In reality, the “logic” of attacking a mosque is quite different from – arguably the opposite of – the logic of asking Muslims to denounce terrorism. It seems fair to say that those who attack mosques are acting on the belief that Islam is wholly irreconcilable with Western civilization. Those who expect Muslims to denounce terrorism reject that view, or at least are open to the possibility that it is untrue.
Thus Peggy Noonan, also in the Journal:
Tracked down by a reporter for Deutsche Welle after the Charlie Hebdo massacre, [Danish cartoonist] Kurt Westergaard offered his wisdom. He said the murderers were “fanatics.” He told the media “not to be afraid” and not to “surrender” free speech. And he said he hoped for “a reaction from the moderate majority of Muslims against this attack.”

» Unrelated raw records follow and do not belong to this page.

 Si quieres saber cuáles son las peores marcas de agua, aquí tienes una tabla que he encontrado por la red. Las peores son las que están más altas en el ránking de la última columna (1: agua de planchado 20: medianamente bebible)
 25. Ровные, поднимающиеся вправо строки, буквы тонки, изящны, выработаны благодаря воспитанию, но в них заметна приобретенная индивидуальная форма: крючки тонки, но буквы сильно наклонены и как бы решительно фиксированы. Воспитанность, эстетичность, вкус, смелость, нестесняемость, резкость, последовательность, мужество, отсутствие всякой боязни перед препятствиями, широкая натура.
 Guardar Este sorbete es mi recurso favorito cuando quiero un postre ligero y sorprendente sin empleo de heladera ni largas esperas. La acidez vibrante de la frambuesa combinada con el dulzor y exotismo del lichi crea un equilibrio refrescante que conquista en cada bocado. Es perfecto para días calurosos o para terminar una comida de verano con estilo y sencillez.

That majority actually exists, and should step forward.
Levy puts it this way: “In the dark times ahead, battles await: Islam against Islam, pluralistic civilization against the nihilists of jihad. But it is really one war, and we must wage it together, united.”

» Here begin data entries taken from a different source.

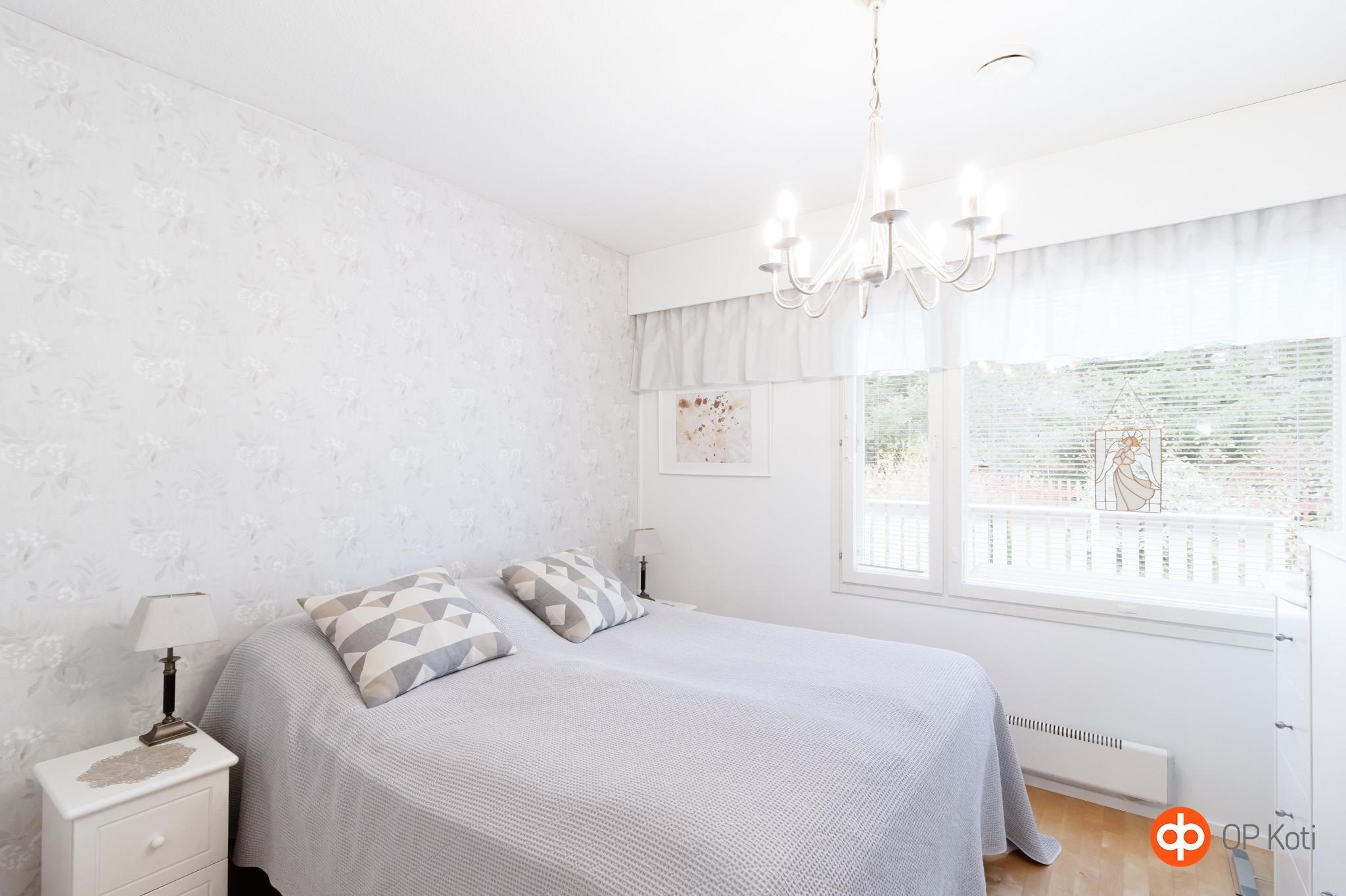 Keittiö: lattiassa parketti, seinät maalatut. Olohuone: lattiassa parketti, seinät tapetoidut / maali. Makuuhuone 1: lattiassa parketti, seinät tapetoidut. Komeroita. Makuuhuone 2: lattiassa parketti, seinät tapetoidut. Komeroita. Sauna: lattiassa laatta, seinät paneloidut. Kylpyhuone: lattia ja seinät laatoitetut. Ikkuna. Eteinen: lattiassa parketti, seinät maalatut. Komeroita.
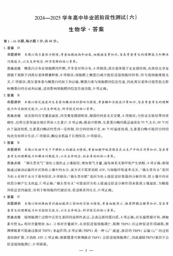 河南省区域高中2024-2025学年下学期高三阶段性测试(六)生物答案
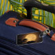 Faites ressortir vos bagages sur un carrousel d'aéroport avec des étiquettes uniques ! C'est l'automne, et une lune jaune doré et lumineuse s'est élevée derrière les silhouettes noires de feuilles soufflant dans la brise sur cette étiquette de bagage photographique d'art dramatique. L'arrière - plan est illuminée dans les tons orange, or et marron pour créer un motif abstrait dans un motif asiatique. L'inverse a un arrière - plan marron pour vos renseignements personnels personnalisables.
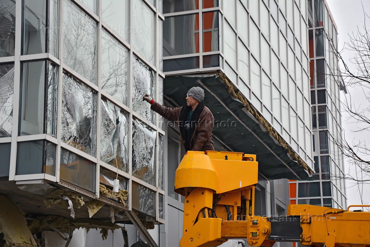 Разрушенное в результате взрыва здание офиса общественной организации "Волонтерская сотня Далии…
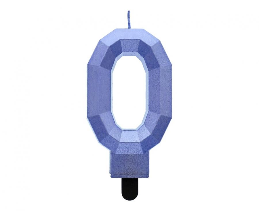 Świeczka cyferka 0 - Diament, metalik ciemnoniebieski, 7.6 cm

The majority of Muslims are peaceful and “moderate” and have a common interest with non-Muslims in combating “the nihilists of jihad.” Someone who burns a mosque manifestly rejects that view.

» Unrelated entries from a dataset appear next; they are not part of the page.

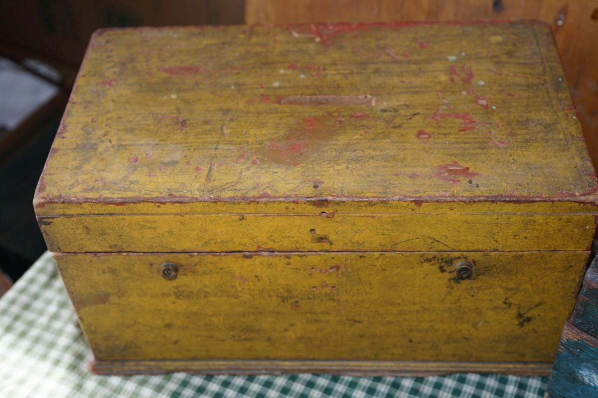 The other box is the original yellow charming color. It has a slot on the top. Most likely used as a voters box or ? the box measures: Length of 18" Height : 9 1/2" Width : 10" no lock . good condition.
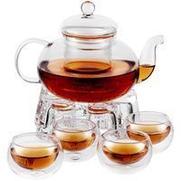 Создать атмосферу уюта и спокойствия дома или в офисе поможет чайный набор Teo. Изготовленный из боросиликатного стекла чайник позволит насладиться процессом раскрытия чайного листа во время заваривания и насыщенным цветом готового напитка. В подставке для подогрева предусмотрено место для чайной свечи, так что чай будет долго оставаться теплым.
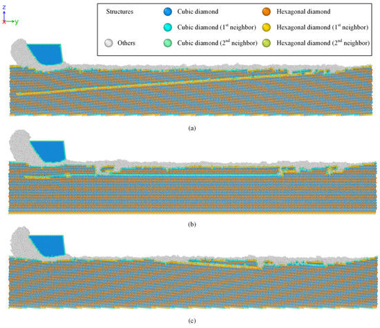 Figure 4 shows the structure transformation of three 4H-SiC workpiece models after cutting. Figure 4a–c correspond to Figure 2a–c, respectively. There are seven kinds of structure types in the workpiece. The atoms with an unidentified structure type were classified as “others”. Most of them were in the amorphous phase. The atoms with a cubic diamond structure and the ones with a hexagonal diamond structure were classified as “cubic diamond” and “hexagonal diamond”, respectively. The atoms being a first neighbor of a “cubic diamond” atom were classified as “cubic diamond (1st neighbor)”. Other structure types were defined in a similar way. It can be seen that defects all propagated in the basal plane. The defect in Figure 4a propagated deeper than the rest, and the defect in Figure 4c stopped propagating on the surface. Figure 5 presents the structures transformation in the defect region of three models after cutting. Figure 5a–c correspond to Figure 2a–c, respectively. The dashed line is the slip plane, and the yellow stick is the displacement vector. It can be seen that the atoms in the on-axis SiC model above the slip plane moved downward due to the compression, except the carbon atoms near the slip plane. The stacking sequence of Si was changed from -ABAC- to -ABBA- due to shear stress, which indicates that the defect in the basal plane is a stacking fault. The Si–C bonds crossing the slip plane were broken, and Si–Si bonds were formed after cutting. The stacking fault in the basal plane and the bond reconstrcution were also found in the off-axis models. The difference is that the stacking sequence in the off-axis models was changed from -ABCB- to -ABBA-, which means the atoms above the slip plane in the off-axis models moved twice as long than that in the on-axis model.
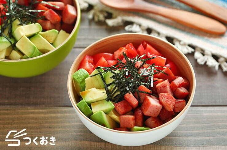 火を使わずにつくれるアボカドとツナの丼は、パパッとつくれるので疲れた日にピッタリ。うま味たっぷりのツナと、濃厚な味わいのアボカドがマッチ!レタス、トマトも乗せればサラダ感覚で食べられます。栄養がしっかりとれるのも、うれしいですね。
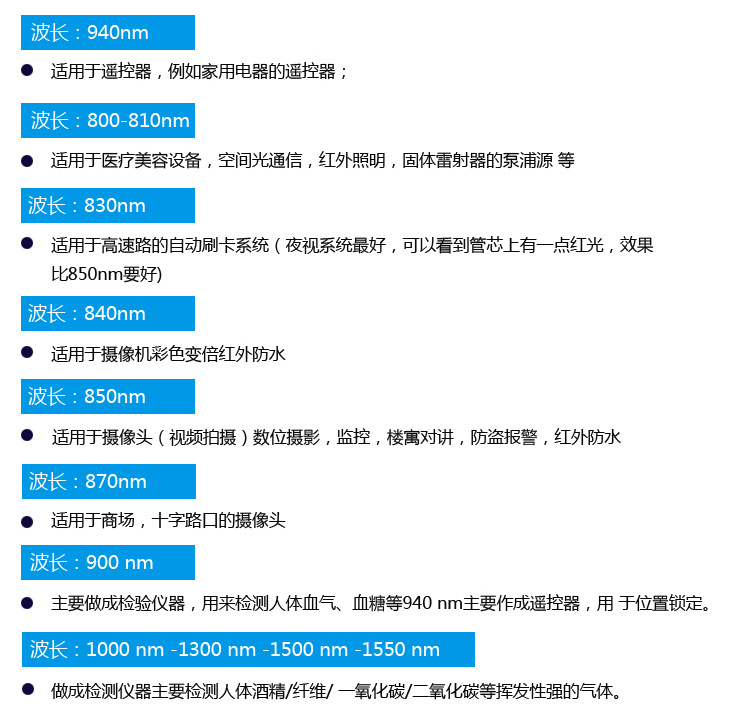 深圳市極光光電有限公司,專業(yè)研發(fā)生產(chǎn)高清紅外LED燈(如850/940紅外發(fā)射燈,超高亮紅,黃,藍,綠,紅黃藍綠白交通信號,貼片0603,0805,3528,2835,50503020大功率紅外LED燈,5050紅外線發(fā)射管。主要用于;游戲機、投幣機、遙控器、各種安防設(shè)備、紅外線像頭、電子儀表,電表,水表,鼠標(biāo),鍵盤,高清網(wǎng)絡(luò)攝像頭,車載后視,紅外車載攝像頭,交通信號燈紅外攝像頭,醫(yī)療保健設(shè)備.紅外相機,無線鼠標(biāo)遙控機,室內(nèi)照明,景觀燈飾,背光源,廣告與標(biāo)志……廣泛應(yīng)用于樓宇對講、安防監(jiān)控、錄音筆、車載DVDV、筆記本電腦、醫(yī)療設(shè)備、手機、電話機、耳機、對講機、收錄機、聲控?zé)艏奥暱赝婢叩取1舅鹃L期供應(yīng)850紅外燈正品,正芯,各角度型號正常供應(yīng)8mm圓頭紅外發(fā)射管型號:IRP8013C2無色膠體(也可做有色膠體IRP8013T2,藍色膠體,IRP8013F2,黑色膠體)波長:940-950nm,840-850nm發(fā)射距離:8-15米,15-20米,30-100米以上工作電壓:940電壓為1.1-1.3V850電壓為1.45-1.55V工作電流:按照芯片大小決定10mil芯片為30毫安12mil為50毫安14mil為80毫安16mil為100毫安40mil芯片為300毫安42mil芯片為800毫安發(fā)射角度:15°、30°、45°、60°90°120°140°度適用于小家電,開關(guān),電動牙刷,玩具,醫(yī)療器械,遙控器和夜間監(jiān)控器(攝像頭)特性:體積小,光度強適合在室內(nèi)外及高溫度與低溫度下工作。

Perhaps those who profess it do so uncertainly, hoping rather than firmly believing it is true. If so, they call on Muslims to speak out against terror because they would like real-world confirmation. That is not bigotry but open-mindedness.
Or maybe they are sure of their belief in the moderate Muslim majority and want confirmation for the benefit of others who may, with every terrorist attack, become more inclined toward rejection. That’s not bigotry either but anxiety over the possibility that anti-Muslim bigotry will become more widespread.
The charge of “Islamophobia” is no more well-founded. For the sake of argument, let us assume the moderate-majority hypothesis is true. Let’s make it a very large supermajority – say 99% of Muslims have no truck whatever with the violent few.
The world-wide Muslim population is estimated at 1.6 billion. If 99% of them are peaceful and moderate, that leaves a cadre of 16 million potential terrorists and sympathizers. As we saw in Paris – and as we’ve seen again and again over the years, in New York, Jerusalem, Madrid, London, Bombay, Sydney and many majority-Muslim countries – even a handful of violent jihadists are capable of wreaking enormous carnage and disruption.
To view that with trepidation and dread is not in the least phobic. It is entirely rational.